:: SUPPLIED MATERIAL

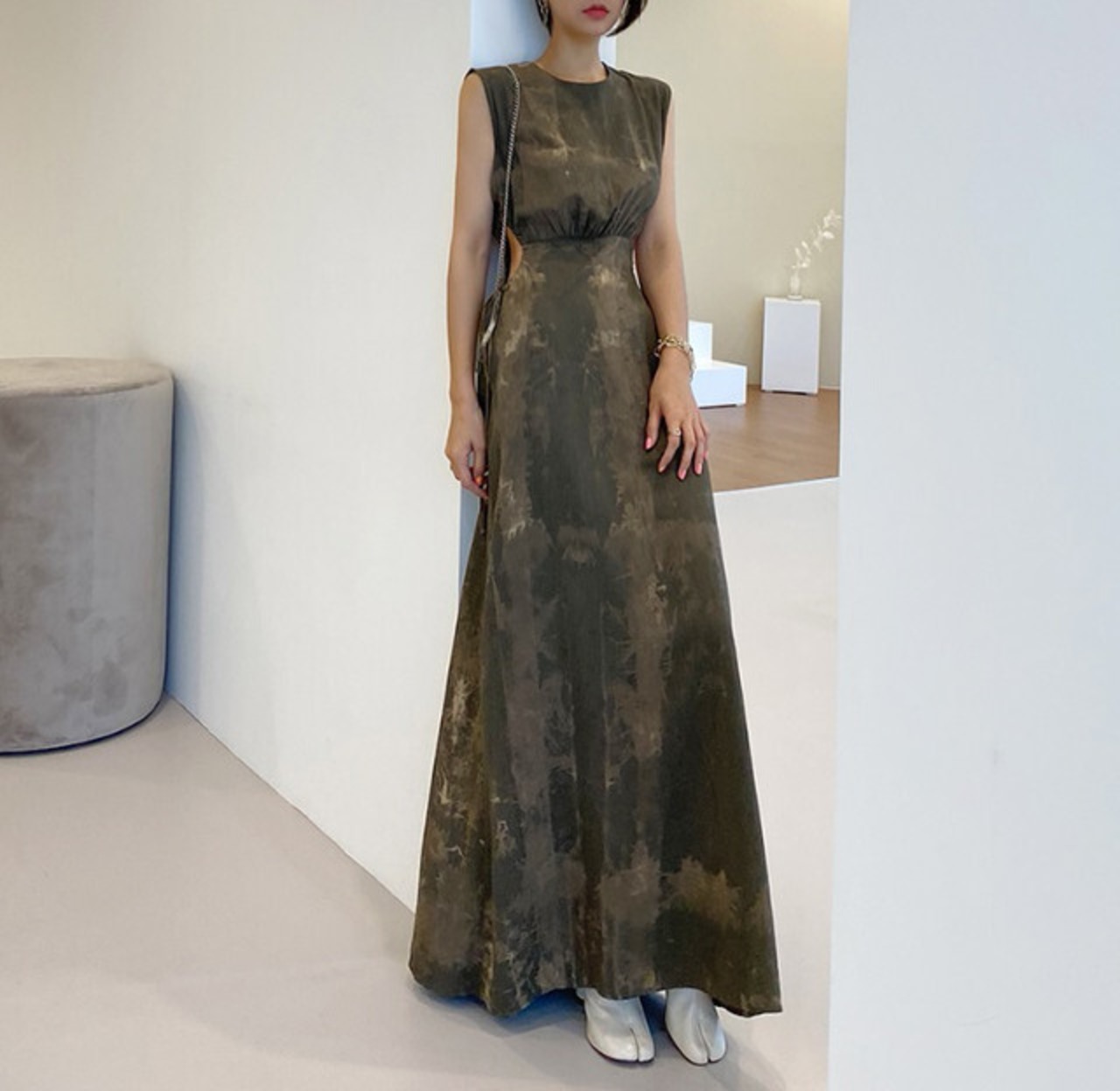 カットアウト ワンピース レディース ロング丈 ノースリーブ おしゃれ きれいめ 夏 ママコーデ デート お出かけ MH2974
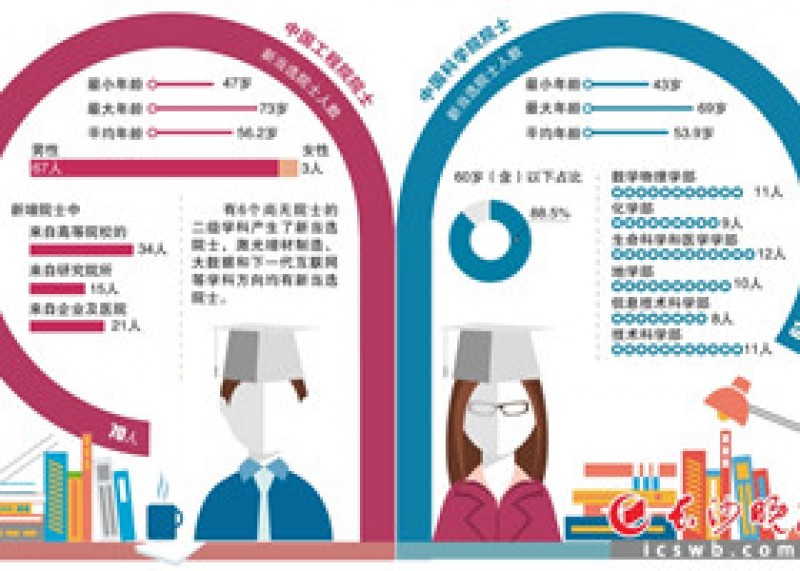 新当选的中国科学院院士平均年龄57.2岁,最小年龄44岁,最大年龄66岁,60岁(含)以下的占67.1%,女性科学家有5人当选。新当选的中国工程院院士中,有6位扎根西部边远地区的专家,有8位女性科学家。
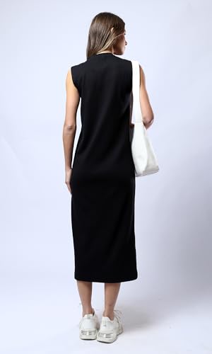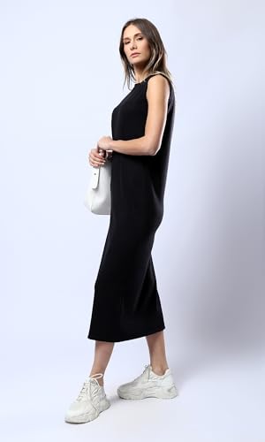 Ravin - فستان حريمي من ريفين متوسط الطول سادة بدون أكمام - فستان كاجوال أسود
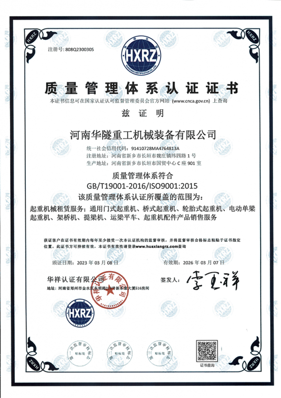河南華隧重工機(jī)械裝備有限公司主要從事通用門式起重機(jī)、橋式起重機(jī)、電動(dòng)單梁起重機(jī),輪胎式起重機(jī)、架橋機(jī)、提梁機(jī)、遠(yuǎn)梁平車、鋼絲繩電動(dòng)萌蘆、卷揚(yáng)機(jī)、起重配件制造、銷售:起重機(jī)械租賃、安裝和維修,起重設(shè)備園收,機(jī)械設(shè)備維修,鋼結(jié)構(gòu)工程承包,橋梁工程及技術(shù)咨淘服務(wù),銷售五金制品、機(jī)電設(shè)備:建設(shè)工程監(jiān)理,建設(shè)工程設(shè)計(jì),各類工程建設(shè)活動(dòng),建筑勞務(wù)分包,建筑物折除作業(yè),施工作業(yè),工程管理服務(wù),土石方工程施工,裝如發(fā)運(yùn)?! 」疽淹ㄟ^IS0國際質(zhì)量、環(huán)境、健康與安全三合一標(biāo)準(zhǔn)認(rèn)證,特種設(shè)備制造許可證和特種設(shè)備安裝改造維修許可證。擁有完熟的質(zhì)量管理體系。嚴(yán)格的管理制度,強(qiáng)大的生產(chǎn)能力和先進(jìn)的檢測手段,在保證產(chǎn)品質(zhì)量的同時(shí),也具備了極強(qiáng)的市場競爭力?! 」緢?jiān)持科技創(chuàng)新為理念,產(chǎn)品質(zhì)量為核心,注重信譽(yù),建立了減信可靠、快捷、思速。便利周到的售后服務(wù)網(wǎng)絡(luò)?! ∥覀儞碛械募夹g(shù)專家和技術(shù)服務(wù)隊(duì)伍為客戶提供充善的售前技術(shù)支持和全天候的售后服務(wù)體系,讓您無后顧之憂,享受一站式的超值服務(wù)。  “華隧重工,伴您成功“是華隧重工永遠(yuǎn)的宗指,真被的希望與各界朋友攜手并進(jìn)。共創(chuàng)輝準(zhǔn)!
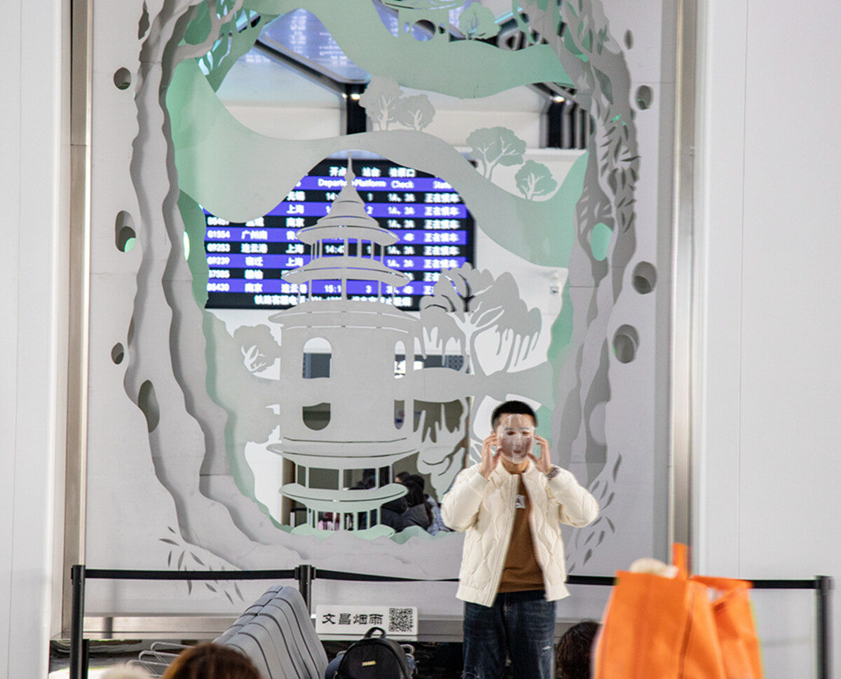 2025年2月4日,扬州高铁站候车区,一名男性旅客在候车间隙敷面膜。
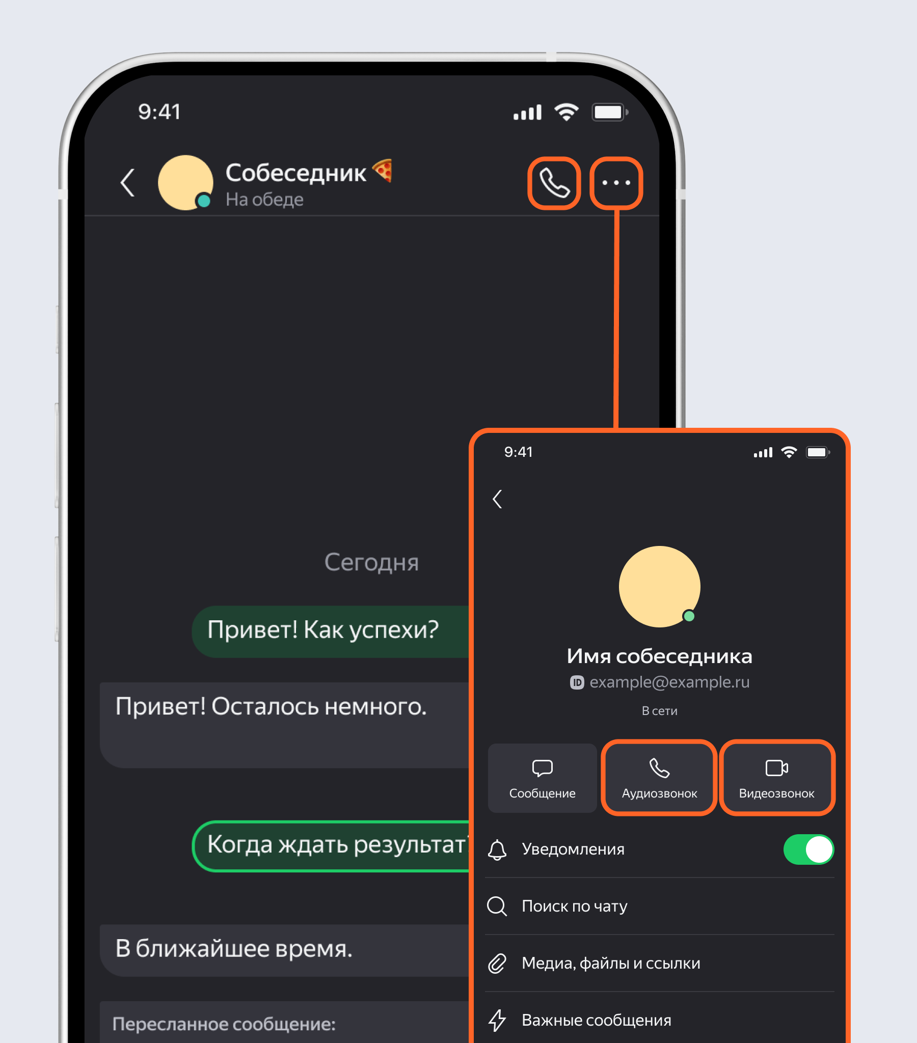 Если нужно обсудить вопрос голосом, вы можете позвонить собеседнику прямо в Телемосте — с видео или без.
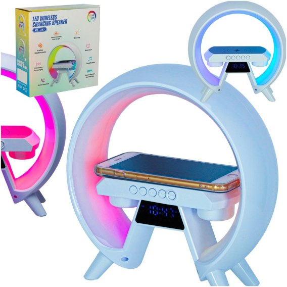 · Funkcje: głośnik, BT, FM, karta SD, AUX, ładowanie bezprzewodowe, RGB, zegarek, budzik
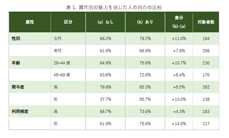 ベビーカーの効果は、性別や年齢を問わず確認されました。女性では11ポイント(68.2%→79.2%)、男性では7.9ポイント(61.0%→68.9%)の向上が見られました。年齢別では、20~44歳で10.7ポイント、45~69歳で8.4ポイントの向上が確認されています。また、公園への態度的関与が低い層では13.0ポイント(37.7%→50.7%)、公園の利用頻度が低い層では14.0ポイント(61.0%→75.0%)と、効果がより大きくなりました。つまり、ベビーカーは従来公園に関心の薄かった層を新たに惹きつける要因として機能しており、都市の潜在的な参加者層の拡大に寄与することが示されました。 |

::::

▶ **THE PROBLEM**:
The answer must be an exact copy of the lines above, from the start of the records through the line with "Ravin - فستان", and of nothing else; no pictures belong in it.

▶ **TASK RESPONSE**:
 カットアウト ワンピース レディース ロング丈 ノースリーブ おしゃれ きれいめ 夏 ママコーデ デート お出かけ MH2974
 新当选的中国科学院院士平均年龄57.2岁,最小年龄44岁,最大年龄66岁,60岁(含)以下的占67.1%,女性科学家有5人当选。新当选的中国工程院院士中,有6位扎根西部边远地区的专家,有8位女性科学家。
 Ravin - فستان حريمي من ريفين متوسط الطول سادة بدون أكمام - فستان كاجوال أسود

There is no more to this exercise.